ACTIVITY: The line with "Deze laatste illustratie" starts the range, and the last line of the listing ends it. Retype that range exactly, without pictures.

──────── DATA SUPPLIED ────────

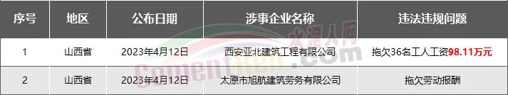 山西省2家房企、建企欠薪被通報(bào)或處罰,涉及金額98.11萬元
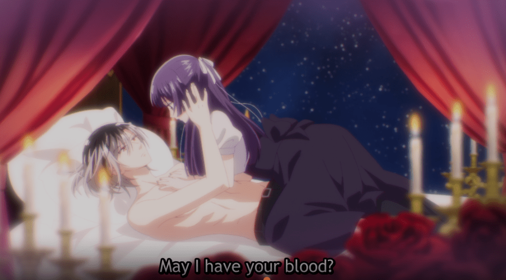 Meanwhile, Ruka wakes up with Maina leaning over him. His body reacts to her strawberry scent. He wants to feed, however, he has Mito on his mind. Despite her smell, he turns her down. He admits that Mito is the only one on his mind. Bursting into the room, Mito is carrying the dessert. She thinks she is interrupting something, but then blurts out an apology to Maina and states that she is the one that belongs by Ruka’s side.
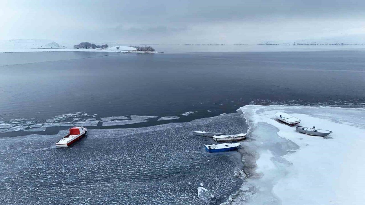 Bitlis’in Ahlat ilçesinde etkili olan dondurucu soğuklar, Nazik Gölü’nün yüzeyinin kısmen donmasına neden oldu.
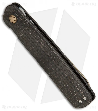 This Pinstripe front flipper knife from JD van Deventer features a Lightning Strike Carbon Fiber handle fitted with a bronzed titanium pivot and pocket clip. Its blade is made from Bohler N690 stainless steel with a fine satin finish and a front flipper opener. The Pinstripe is exceptionally lightweight, and makes a convenient everyday cutting tool.
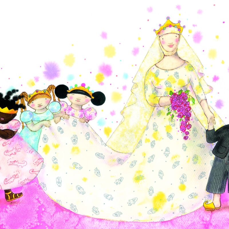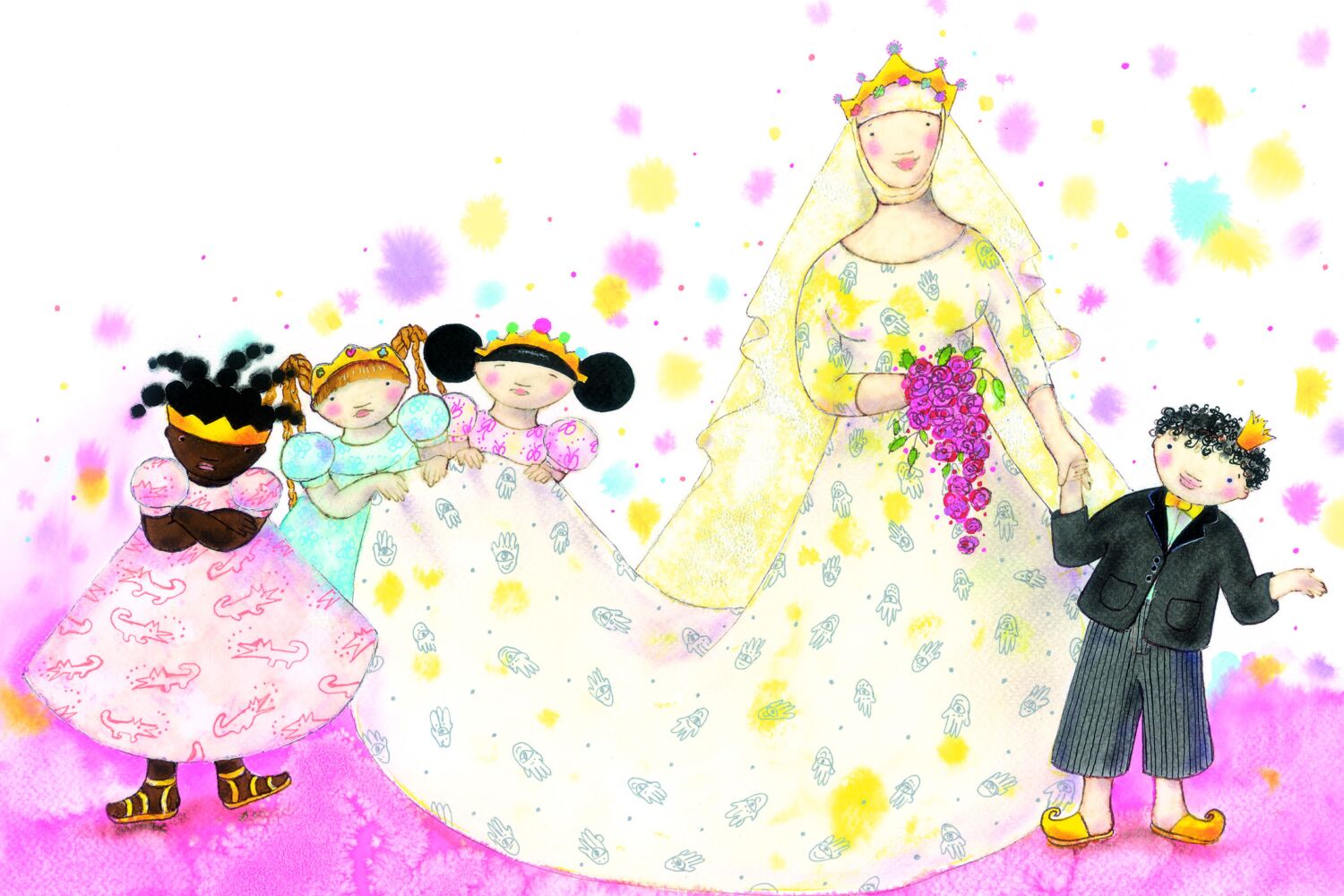 Deze laatste illustratie in het boek Prinses Arabella is verliefd biedt mogelijkheden tot vertellen. Zoek de pagina op in het boek en laat de kinderen vertellen wat ze zien en er verder bij fantaseren. Bijvoorbeeld vanuit de moeder van Prins Mimoen of Mimoen zelf.
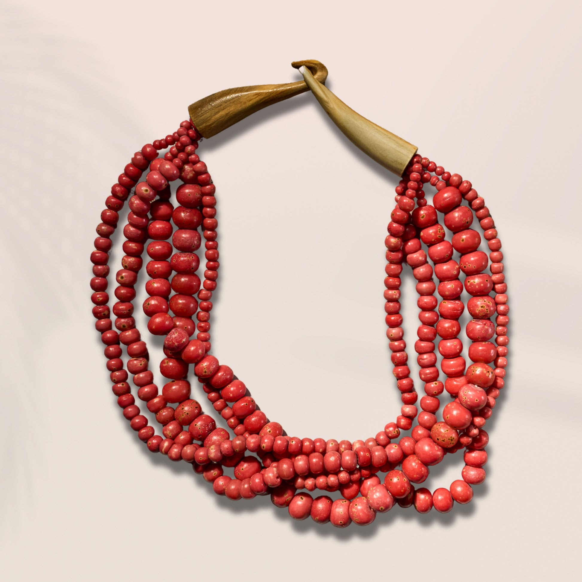 Make a bold statement with the Tribal Meets Regal Necklace, handmade by Village Artisans in India. Featuring multiple strands of vibrant coral-toned beads anchored with smooth wooden accents, this piece blends earthy textures with regal elegance. Its layered design adds both depth and drama, making it a stunning accessory for any occasion.
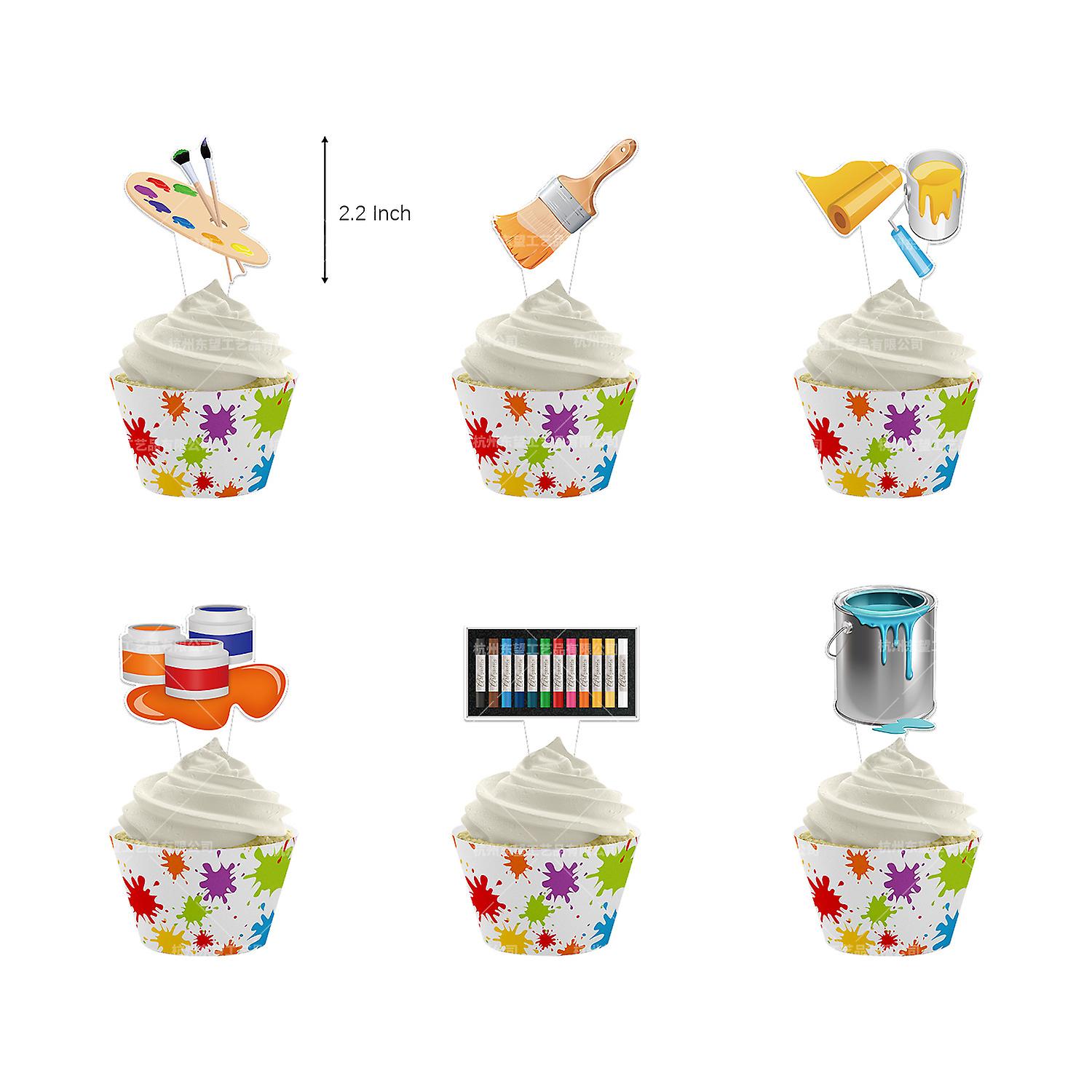 Art Painting Theme Party Arrangement Birthday Flag Cake Insert Spiral Pendant Latex Balloon Party Decoration

────────

EXPECTED ANSWER:
 Deze laatste illustratie in het boek Prinses Arabella is verliefd biedt mogelijkheden tot vertellen. Zoek de pagina op in het boek en laat de kinderen vertellen wat ze zien en er verder bij fantaseren. Bijvoorbeeld vanuit de moeder van Prins Mimoen of Mimoen zelf.
 Make a bold statement with the Tribal Meets Regal Necklace, handmade by Village Artisans in India. Featuring multiple strands of vibrant coral-toned beads anchored with smooth wooden accents, this piece blends earthy textures with regal elegance. Its layered design adds both depth and drama, making it a stunning accessory for any occasion.
 Art Painting Theme Party Arrangement Birthday Flag Cake Insert Spiral Pendant Latex Balloon Party Decoration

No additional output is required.